Leaving the images aside, transcribe all the data below exactly.

=== Recorded data ===

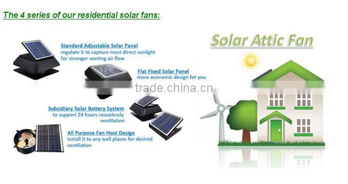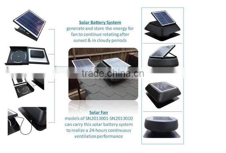 3) Connecting solar battery system or dual power AC adapter system to support the solar fan works 24 hours all day round nonstop
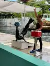 sealion, and shark feeding. It was really hot and humid around 85 degrees while walking the trail to each show. The dolphin show was the best, like the old "Sea World
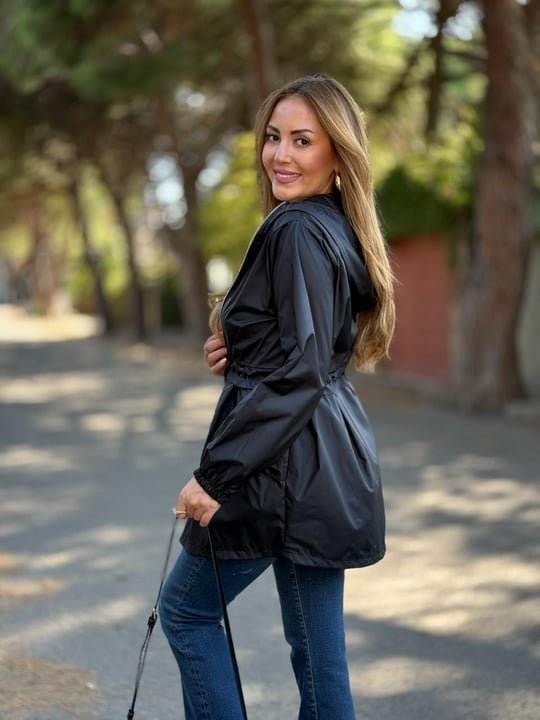 Kadın Kapüşon Ve Büzgü Detay Yağmurluk
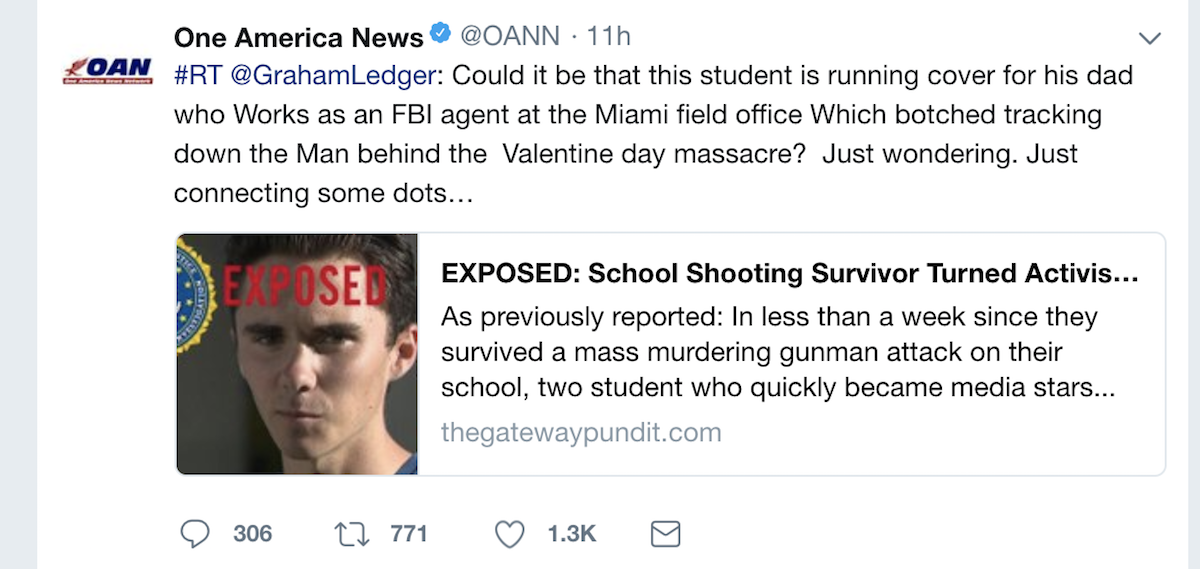 The site’s big conspiracy about Hogg is that — hold onto your pants — his dad is a retired FBI agent. It’s a fact that Hogg has repeatedly mentioned to TV reporters and is not at all a secret.
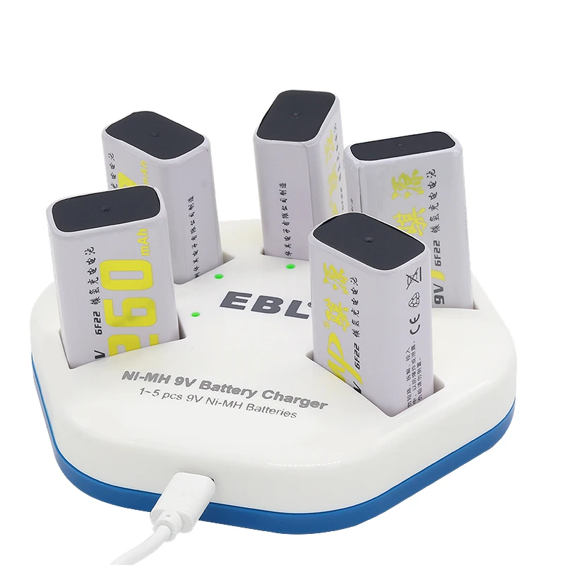 Achat EBL 5 slots USB chargeur de batterie pour 9 V NI MH Batterie qualité supérieure Individuels Intelligent chargeur rapide pour 9 V batteries DC 504 Pas Cher En Ligne
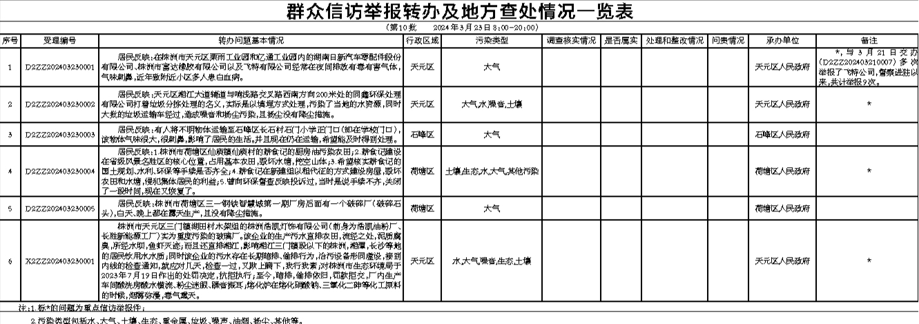 群众信访举报转办及地方查处情况一览表
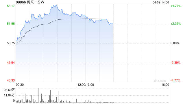 蔚来-SW (09866)盘中涨超4%,截至发稿,股价上涨2.86%,报52.20港元,成交额2.68亿港元。
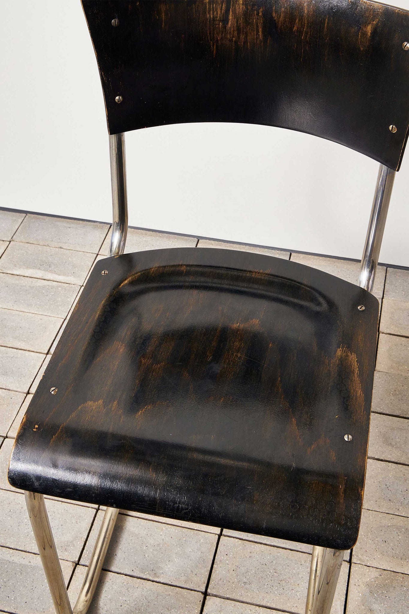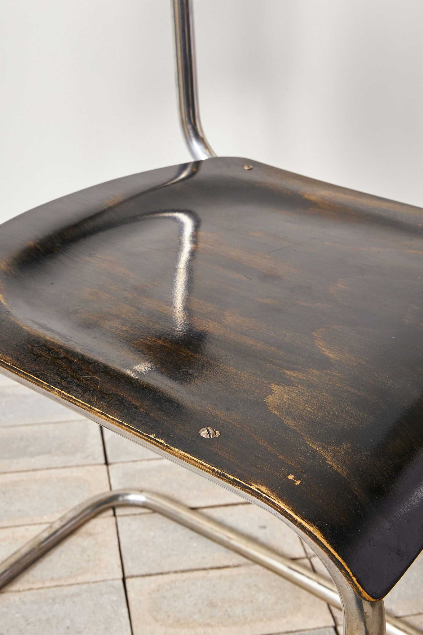 Tubular steel cantilever chair with a black wooden seat and backrest designed by Dutch architect Mart Stam, manufactured in 1939 by the legendary Mücke-Melder in Czech. Early production piece.
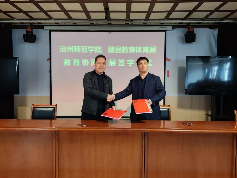 范小振介绍了威尼斯官网办学历史和近年来的发展成就,并表示对今后的合作交流充满期待。魏县教育局局长赵志国对威尼斯官网一行的到来表示欢迎,他介绍了魏县中学教育的师资现状和对未来合作的迫切性。双方就实习内容、形式、合作领域、实习对象等内容达成高度一致,并现场签定教育实习协议。
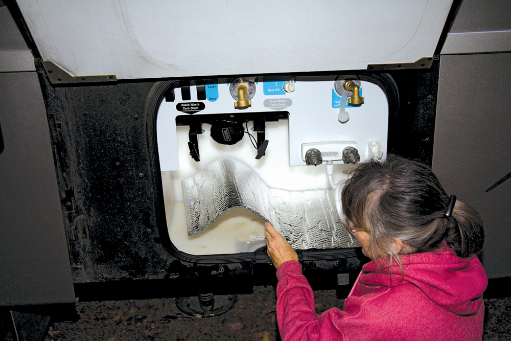 Above and beyond additional insulation, there are electrical heating pads for holding tanks, pipes and water lines that can be very effective. The better heaters, such as those available from UltraHeat, come in a variety of sizes and are thermostatically controlled (not activated until the ambient temperature reaches 44 degrees F). Look for models offered for 12-volt DC and/or 120-volt AC power sources; that way they can be used when hooked up to shorepower, or when boondocking.
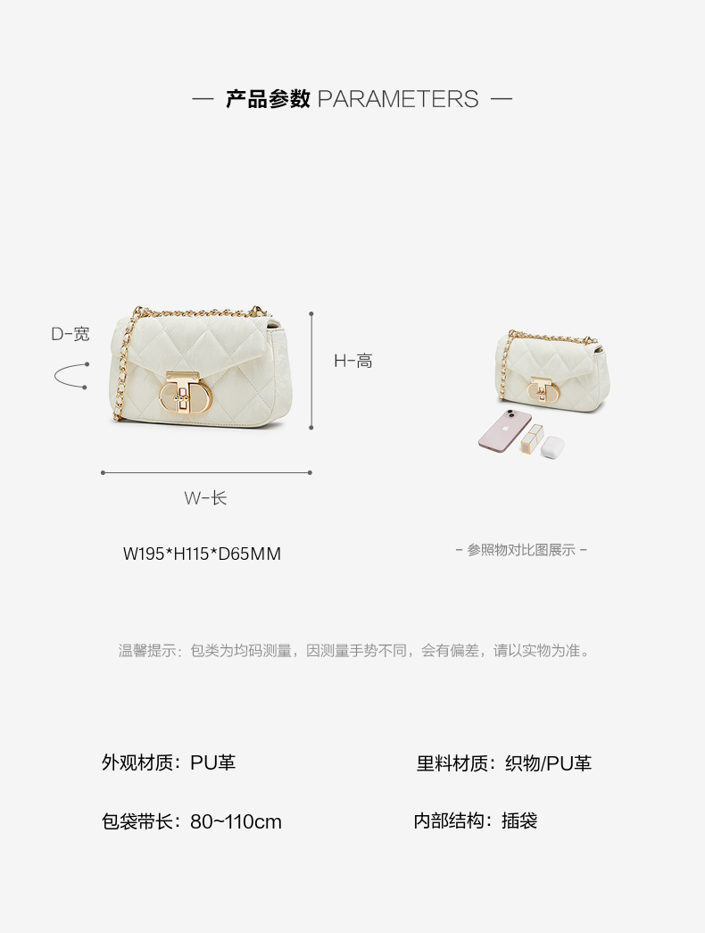| 包的规格:W195*H115*D65MMW195*H115*D65MM | 内部结构:插袋 | 背带方式:单肩/斜挎 | 风格:OL通勤 | 色系:米白 |
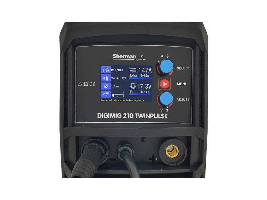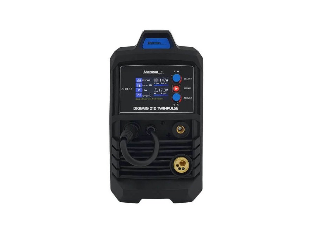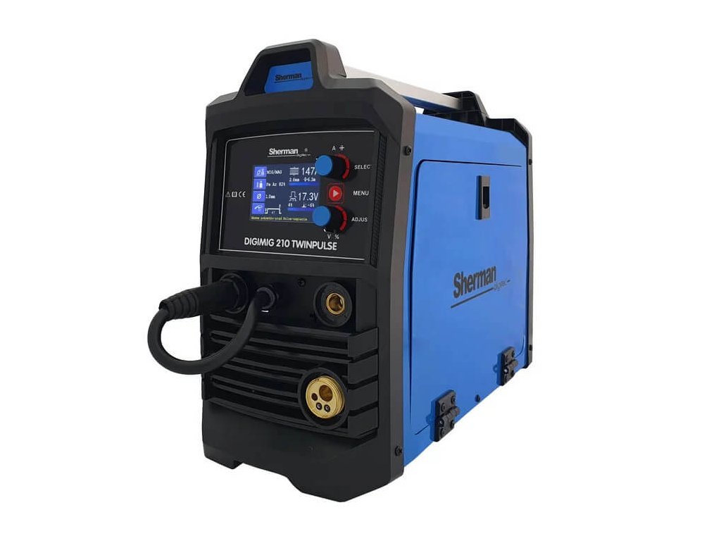 Sherman DIGIMIG 210 TWINPULSE hegesztőgép acélok, rozsdamentes acélok és színesfémek kézi hegesztésére szolgál. Lehetővé teszi az MMA (elektróda), TIG Lift (csípés), MIG/MAG (CO2) és a forrasztást.

===

Result of the exercise:
 3) Connecting solar battery system or dual power AC adapter system to support the solar fan works 24 hours all day round nonstop
 sealion, and shark feeding. It was really hot and humid around 85 degrees while walking the trail to each show. The dolphin show was the best, like the old "Sea World
 Kadın Kapüşon Ve Büzgü Detay Yağmurluk
 The site’s big conspiracy about Hogg is that — hold onto your pants — his dad is a retired FBI agent. It’s a fact that Hogg has repeatedly mentioned to TV reporters and is not at all a secret.
 Achat EBL 5 slots USB chargeur de batterie pour 9 V NI MH Batterie qualité supérieure Individuels Intelligent chargeur rapide pour 9 V batteries DC 504 Pas Cher En Ligne
 群众信访举报转办及地方查处情况一览表
 蔚来-SW (09866)盘中涨超4%,截至发稿,股价上涨2.86%,报52.20港元,成交额2.68亿港元。
 Tubular steel cantilever chair with a black wooden seat and backrest designed by Dutch architect Mart Stam, manufactured in 1939 by the legendary Mücke-Melder in Czech. Early production piece.
 范小振介绍了威尼斯官网办学历史和近年来的发展成就,并表示对今后的合作交流充满期待。魏县教育局局长赵志国对威尼斯官网一行的到来表示欢迎,他介绍了魏县中学教育的师资现状和对未来合作的迫切性。双方就实习内容、形式、合作领域、实习对象等内容达成高度一致,并现场签定教育实习协议。
 Above and beyond additional insulation, there are electrical heating pads for holding tanks, pipes and water lines that can be very effective. The better heaters, such as those available from UltraHeat, come in a variety of sizes and are thermostatically controlled (not activated until the ambient temperature reaches 44 degrees F). Look for models offered for 12-volt DC and/or 120-volt AC power sources; that way they can be used when hooked up to shorepower, or when boondocking.
| 包的规格:W195*H115*D65MMW195*H115*D65MM | 内部结构:插袋 | 背带方式:单肩/斜挎 | 风格:OL通勤 | 色系:米白 |
 Sherman DIGIMIG 210 TWINPULSE hegesztőgép acélok, rozsdamentes acélok és színesfémek kézi hegesztésére szolgál. Lehetővé teszi az MMA (elektróda), TIG Lift (csípés), MIG/MAG (CO2) és a forrasztást.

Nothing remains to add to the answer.